El trabajo en la biblioteca tocaba a su fin normalmente hacia las ocho de la tarde, pero Antonin había salido precipitadamente de palacio después de que Visconti lo despidiera, y Zenon, sin aliento, aferrado a su morralillo de tela, solo logró darle alcance en el laberinto de callejuelas del Borgo. —¡El Virgilio, no! ¡El Virgilio, no! Antonin Fages, aún conmocionado por su altercado con Daunou, gesticulaba meneando la cabeza, hablando solo a lo largo de las fangosas riberas del Tíber, mientras Pier Paolo Zenon aceleraba el paso para poder permanecer a su altura. El calor había remitido al final del día y efluvios de cieno ascendían desde el río, sobre el que se arremolinaban golondrinas hambrientas, ocupadas en arramblar con las nubes de mosquitos que brillaban bajo los últimos rayos del sol. Los aromas de un jazmín pasado de calor se elevaban desde un jardín oculto tras una alta tapia, por la que asomaba un bosquecillo de cipreses. Los bateleros, que sirgaban sus barcas, remontaban perezosamente la corriente bogando, y bajo la tibia brisa, sus pequeñas velas latinas dibujaban blancos paréntesis al reflejarse en el agua verdosa. Un transbordador cargado de pasajeros y mercancías alcanzaba la otra orilla, propulsado por el barquero, que se apoyaba en su larga pértiga. Un confiado caballero ni siquiera se había dignado descabalgar su montura para embarcar. Un caballo atado en el otro extremo del esquife abrevaba indolente en el Tíber.

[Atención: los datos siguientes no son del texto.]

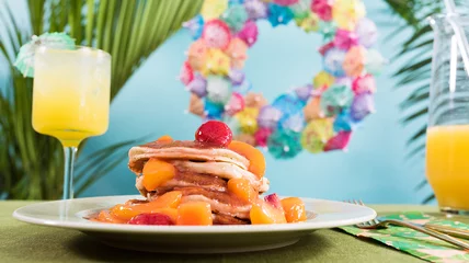 One way to streamline menu planning is to use ingredients you already have on hand, like pancake mix, eggs and maple syrup. Another pantry staple that makes life easier? DOLE® Canned Pineapple Juice. You can use it to make brunch cocktails like an Aloha Screwdriver. Or, give pancakes a gourmet twist by topping them with a Mixed Fruit and Ginger Sauce made with DOLE.

Remangándose los bajos de sus amplios hábitos negros, Antonin Fages y Pier Paolo Zenon se habían hecho a un lado para evitar a un grupo de mozos de cuerda que se afanaban en descargar fardos y toneles de un pontón; sus torsos desnudos chorreaban por el esfuerzo, mientras un negociante vestido con capa roja y tricornio negro departía con otro hombre ataviado con redingote de sarga azul, probablemente un comerciante también, acuclillado ante una tienda allí montada. —El Virgilio, no —había vuelto a protestar Antonin entre dientes con obstinación; y, de pura rabia, le había dado una patada a un guijarro, que se

había precipitado al agua como una ranilla asustada. Los comerciantes se habían dado la vuelta, intrigados por el arrebato del sacerdote. El Virgilio, el manuscrito más antiguo de la Biblioteca Vaticana, sin duda había sido escrito entre el 370 y el 430 después de Cristo. Era una auténtica maravilla, un testimonio irreemplazable, con sus páginas ilustradas que mostraban la vida romana de la época. Había que ponerlo a buen recaudo, costara lo que costase. ¿Quién sabe lo que podía llegar a sucederle a semejante tesoro, aunque solo fuera durante su traslado a través de los Alpes? Nunca resistiría semejante viaje. Pier Paolo Zenon se había detenido, había extraído de uno de los bolsillos de su hábito una pequeña tabaquera de cuero, había depositado un poco de polvo en la palma de la mano con el pulgar y el índice y lo había aspirado de una sola vez mientras cerraba los ojos por el efecto de tamaña delicia. Algunas hebras de tabaco se le pegaron a las fosas nasales. Uno o dos segundos después, estornudaba ruidosamente. Luego, sonriendo, había cogido del brazo a Antonin y ambos hombres habían reemprendido la marcha, Antonin con la cabeza gacha. ¡Esa moda del tabaco! Todo el mundo quería tomar la hierba de Nicot. Algunos lo hacían hasta el punto de enfermar. —Escucha, trata de razonar, ¿qué otra cosa podemos hacer? —Resistir. —Sí. Resistir, pero ¿cómo? Antonin había contemplado distraídamente el grupo de bañistas afanados en su aseo de última hora de la tarde. De no haber sido por esa patrulla francesa, esos harapientos soldados de infantería, con el bicornio ladeado con su escarapela, vestidos con jirones de uniformes blancos, con guerreras azules con las hombreras medio descosidas, con las polainas arruinadas, calzados con galochas apandadas en el saqueo de alguna casa, que pasaban a lo lejos, con el fusil al hombro, habría resultado muy difícil pensar que Roma estaba ocupada. Y sin embargo… —Bueno, hay… Zenon había vacilado. —¿Qué?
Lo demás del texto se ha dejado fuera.